## Action item
Only the lines below from the one that holds "रिजल्ट सर्च करें: फिर" through the one that holds "Kitchen (kitchen set)" should appear in the answer, copied exactly, end lines included and pictures omitted.

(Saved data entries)
■ ■ ■
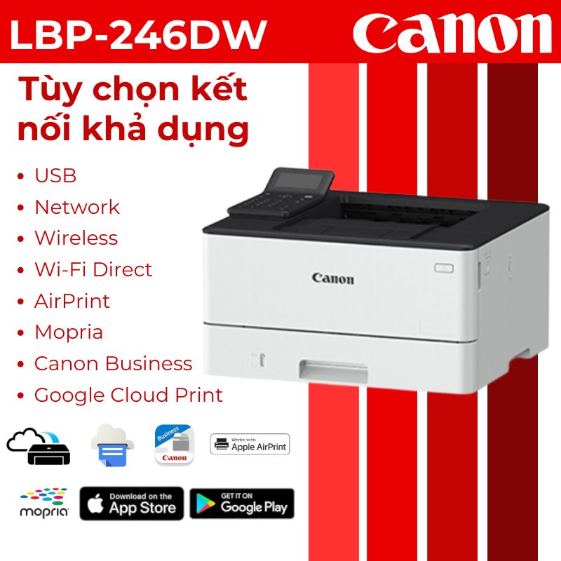 Máy in đen trắng Canon 246dw tích hợp đầy đủ các tùy chọn kết nối hiện đại. Wi-Fi 802.11a/b/g/n và Wi-Fi Direct cho phép in từ smartphone, tablet một cách dễ dàng thông qua Canon PRINT Business, AirPrintMopria.
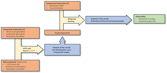 Workflow for the ligand preparation, ligand-based virtual screening, and molecular docking. * Selection of ligands based on chemical structure and available biological information on potential targets.
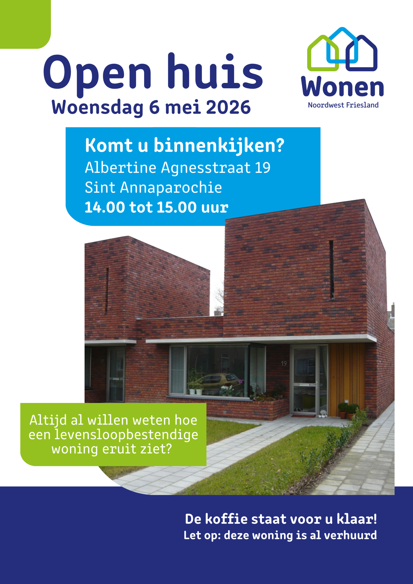 Op woensdag 6 mei bent u van harte welkom om eens binnen te kijken bij de Albertine Agnesstraat 19 in Sint Annaparochie. Het Open Huis is van 14.00 tot 15.00 uur.
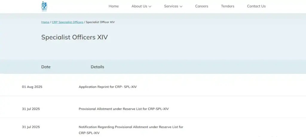 रिजल्ट सर्च करें: फिर जिस ईयर का रिजल्ट चाहिए उस पर क्लिक करें, जैसे ‘CRP Specialist Officers XV’ ये लेटेस्ट 2025 के लिए है।
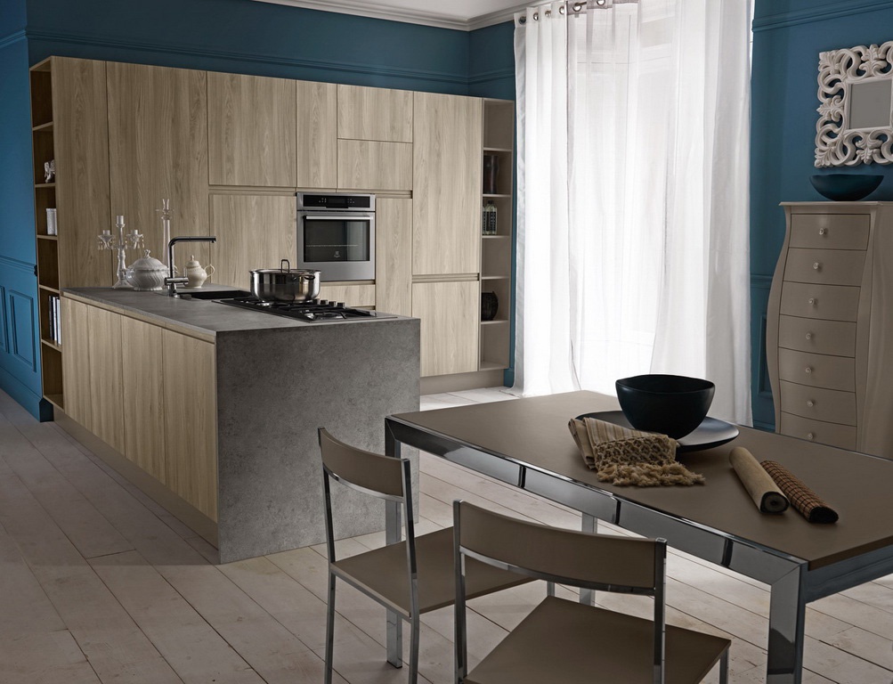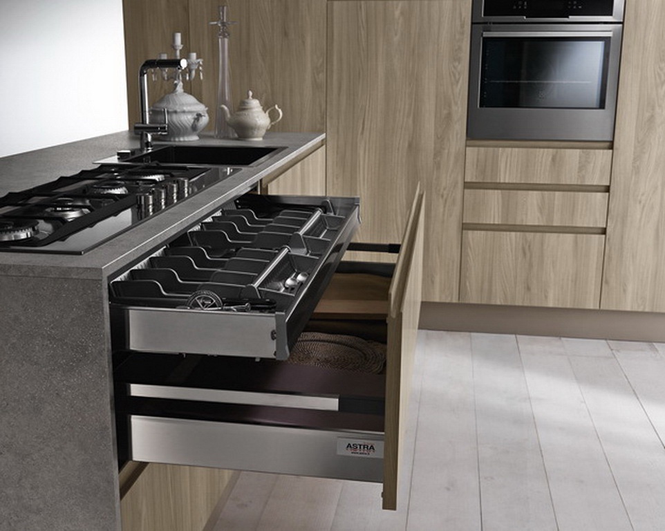 Kitchen (kitchen set) Line from the Italian manufacturer Astra. The model is made from natural wood. The surface is treated with lacquer. The style is modern. Colours in stock.
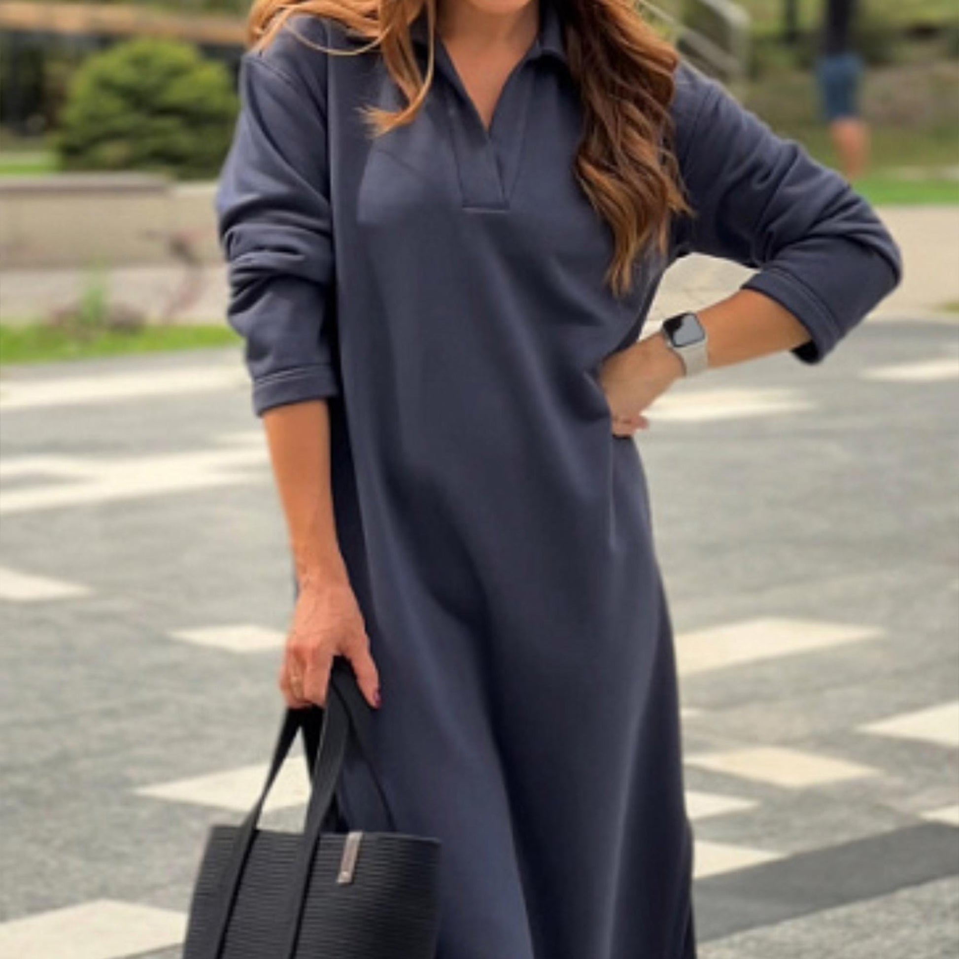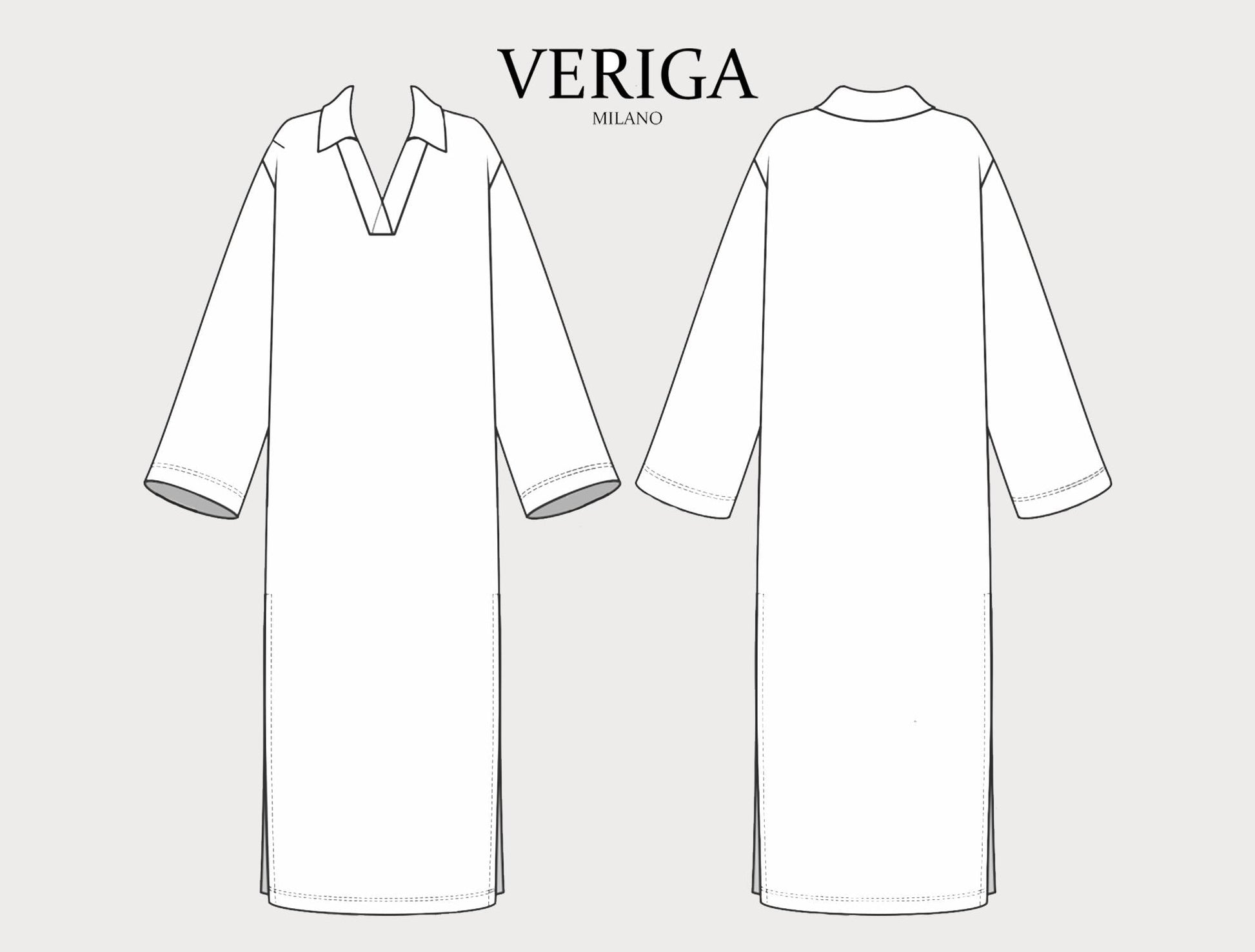 Digital PDF pattern for a straight-cut, loose-fitting Parma Dress with set-in sleeves and dropped armholes. Features a V-neckline with wrap-around strips, a one-piece collar stand, side slits, and a flowing silhouette perfect for outdoor walks, romantic dates, dinners, cocktail parties, or stylish everyday wear. Includes step-by-step sewing instructions.
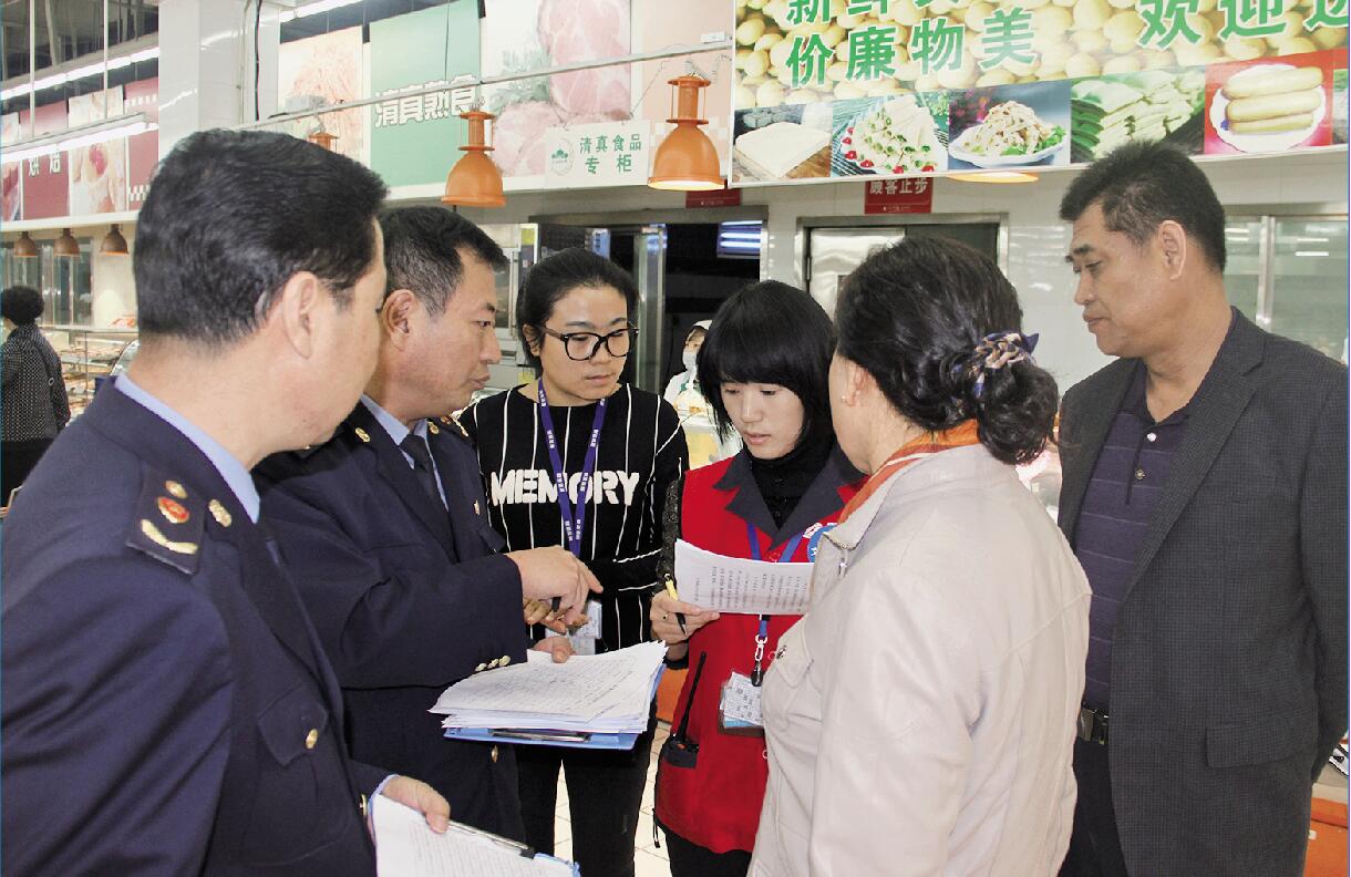 市場監(jiān)管人員檢查超市食品安全索票索證情況
■ ■ ■
## Problem solution
 रिजल्ट सर्च करें: फिर जिस ईयर का रिजल्ट चाहिए उस पर क्लिक करें, जैसे ‘CRP Specialist Officers XV’ ये लेटेस्ट 2025 के लिए है।
 Kitchen (kitchen set) Line from the Italian manufacturer Astra. The model is made from natural wood. The surface is treated with lacquer. The style is modern. Colours in stock.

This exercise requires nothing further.